Mets fans are now buying Yankees merch!

The Mets have now dropped eight straight, falling to 7-12 after Wednesday’s 8-2 loss to the Dodgers, and in Queens that kind of skid does not feel like a slump anymore. It feels like a metaphor. Ever since… “the hug.”
Fans online have jokingly connected the spiral to the moment Mr. and Mrs. Met were seen greeting and hugging Mayor Zohran Mamdani. No, the mascots did not curse the lineup. But the timing has become irresistible because it captures what Mets fans fear most: that this franchise is always ready for a photo op, a political handshake, or a branding moment, just not the daily grind of building a ruthless winner.

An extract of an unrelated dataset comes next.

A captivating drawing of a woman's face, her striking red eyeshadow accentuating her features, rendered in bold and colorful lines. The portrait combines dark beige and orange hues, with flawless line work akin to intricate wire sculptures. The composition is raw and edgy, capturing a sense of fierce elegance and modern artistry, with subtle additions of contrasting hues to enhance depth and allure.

That anxiety is not coming from nowhere. Owner Steve Cohen is publicly tied to the massive Metropolitan Park project next to Citi Field, a proposed casino and entertainment complex backed with Hard Rock near the ballpark. It is one of the most ambitious real-estate plays in New York, and it has increasingly become part of the public identity around Mets ownership.
Meanwhile, the baseball product looks lifeless. The Mets entered Thursday with a minus-14 run differential and a 2-8 record over their last 10 games. Cohen told fans to “stay the course” after the streak hit seven, but that is exactly the kind of language that sounds better in a development presentation than in a clubhouse buried in the standings in mid-April.
That is why this losing streak feels bigger than eight games. It feeds the suspicion that the real priority is the buildout, the casino, the surrounding empire — not the bleeding, demanding, impossible-to-fake relationship with the fan base. Yankees fans buy certainty. Mets fans buy hope. Right now, even hope looks rezoned.